The new bill maintains and increases subsidies for farmers, favoring regulation over free market operations. The U.S. Congress justifies this by pointing to the risks of falling agricultural prices coupled with rising prices for inputs. The bill also includes some new elements. One is the creation of a permanent agriculture disaster relief fund providing aid to farmers in the event of droughts or flooding. The 2008 Farm Bill also offers new protectionary measures against imports that will be applied to products such as sugar and milk. The U.S. cotton subsidies that brought WTO sanctions against the country have, for the most part, been maintained by Congress; this will inevitably affect the competitiveness of producers in developing countries, particularly in Africa.

The new Farm Bill is already drawing negative reactions from a "reluctant" George W. Bush, who criticizes its cost and, more importantly, from the WTO, which sees its own uselessness demonstrated by the bill's passage. For Crawford Falconer, agriculture negotiations chairperson, the Farm Bill is "another factor which complicates everybody's life." It will contribute to prolonging the current WTO deadlock since the actions taken by the U.S. Congress differ so greatly from its recommendations.
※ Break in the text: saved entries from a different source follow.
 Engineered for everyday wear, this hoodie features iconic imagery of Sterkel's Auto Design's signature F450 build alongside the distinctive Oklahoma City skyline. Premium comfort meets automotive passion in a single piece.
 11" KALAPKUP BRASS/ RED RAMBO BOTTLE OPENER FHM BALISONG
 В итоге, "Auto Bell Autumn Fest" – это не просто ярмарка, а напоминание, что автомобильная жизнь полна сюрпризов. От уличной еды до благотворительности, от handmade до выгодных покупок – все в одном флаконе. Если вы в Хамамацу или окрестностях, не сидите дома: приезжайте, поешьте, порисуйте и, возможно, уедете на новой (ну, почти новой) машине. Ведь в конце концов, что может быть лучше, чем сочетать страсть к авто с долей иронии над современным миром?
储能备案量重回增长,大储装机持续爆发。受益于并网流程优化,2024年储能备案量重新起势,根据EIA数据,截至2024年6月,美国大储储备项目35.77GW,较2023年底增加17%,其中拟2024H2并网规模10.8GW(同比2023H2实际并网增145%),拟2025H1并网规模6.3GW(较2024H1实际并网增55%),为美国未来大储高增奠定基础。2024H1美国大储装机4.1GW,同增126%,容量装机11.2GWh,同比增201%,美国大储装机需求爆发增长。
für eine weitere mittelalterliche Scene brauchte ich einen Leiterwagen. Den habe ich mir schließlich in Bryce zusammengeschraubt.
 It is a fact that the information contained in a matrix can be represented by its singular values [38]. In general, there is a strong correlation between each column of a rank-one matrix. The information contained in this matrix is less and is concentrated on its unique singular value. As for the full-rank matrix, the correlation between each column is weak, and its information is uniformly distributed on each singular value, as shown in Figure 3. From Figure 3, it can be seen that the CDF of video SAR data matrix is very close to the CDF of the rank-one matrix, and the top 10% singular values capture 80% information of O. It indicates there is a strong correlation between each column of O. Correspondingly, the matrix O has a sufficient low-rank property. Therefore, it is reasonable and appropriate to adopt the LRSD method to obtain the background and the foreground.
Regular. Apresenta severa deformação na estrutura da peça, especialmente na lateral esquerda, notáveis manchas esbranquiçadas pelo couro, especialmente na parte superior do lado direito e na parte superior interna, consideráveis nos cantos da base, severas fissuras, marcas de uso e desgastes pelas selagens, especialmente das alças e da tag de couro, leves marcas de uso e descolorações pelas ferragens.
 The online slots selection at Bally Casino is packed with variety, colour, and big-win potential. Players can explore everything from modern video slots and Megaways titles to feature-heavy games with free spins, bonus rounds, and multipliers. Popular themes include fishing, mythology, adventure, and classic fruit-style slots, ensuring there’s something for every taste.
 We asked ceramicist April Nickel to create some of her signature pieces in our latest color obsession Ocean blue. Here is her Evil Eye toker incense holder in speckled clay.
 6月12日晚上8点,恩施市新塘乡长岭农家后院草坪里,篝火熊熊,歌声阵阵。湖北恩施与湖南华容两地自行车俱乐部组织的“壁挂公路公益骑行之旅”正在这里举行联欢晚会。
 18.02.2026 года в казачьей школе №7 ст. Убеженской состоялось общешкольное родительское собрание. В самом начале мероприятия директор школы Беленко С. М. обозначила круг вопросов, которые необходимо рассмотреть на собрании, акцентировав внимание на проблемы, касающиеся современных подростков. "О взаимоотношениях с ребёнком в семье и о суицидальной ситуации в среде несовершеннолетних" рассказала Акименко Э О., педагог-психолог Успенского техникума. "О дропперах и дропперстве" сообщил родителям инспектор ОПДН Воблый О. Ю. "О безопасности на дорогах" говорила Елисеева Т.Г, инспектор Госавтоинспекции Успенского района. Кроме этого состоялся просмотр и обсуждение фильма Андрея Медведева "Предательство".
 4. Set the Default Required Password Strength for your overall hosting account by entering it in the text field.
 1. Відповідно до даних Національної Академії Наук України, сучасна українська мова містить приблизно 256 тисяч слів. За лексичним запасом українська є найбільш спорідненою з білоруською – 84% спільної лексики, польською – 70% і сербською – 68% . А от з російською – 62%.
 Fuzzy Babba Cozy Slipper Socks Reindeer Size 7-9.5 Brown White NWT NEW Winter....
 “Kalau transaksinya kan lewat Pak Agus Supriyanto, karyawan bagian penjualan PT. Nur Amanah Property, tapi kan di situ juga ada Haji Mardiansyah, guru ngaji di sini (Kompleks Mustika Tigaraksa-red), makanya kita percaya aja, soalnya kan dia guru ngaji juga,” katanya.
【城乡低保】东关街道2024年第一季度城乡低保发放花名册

We therefore find ourselves today in a paradoxical situation in which the two leading world powers the United States and the European Union are following two opposing strategies: the former favors the maintenance of regulation and support mechanisms with no concern for WTO objectives, while the latter seeks to bring the Common Agricultural Policy in line with the complete liberalization of agricultural markets advocated by the WTO as demonstrated by recent European Commission proposals with no concern for food security or regulation.

The growing gulf between the Farm Bill, on the one hand, and the main lines of the future Common Agricultural Policy, on the other, confirm what momagri was already predicting in January 2008.2 It also raises a question that may at first glance seem naive but is actually quite troubling: who will be right in the end, the United States or Europe? The response is just as troubling. Neither of the strategies is completely convincing because each neglects an essential element: development and international cooperation for the Farm Bill, and food security and market regulation for the CAP.

That is why it is necessary to establish an International Agricultural Policy that would reconcile the food security of nations with free trade. Rising to this challenge is one of the objectives sought by momagri, which will soon publish its proposals regarding the principles of governance for this future international agricultural policy.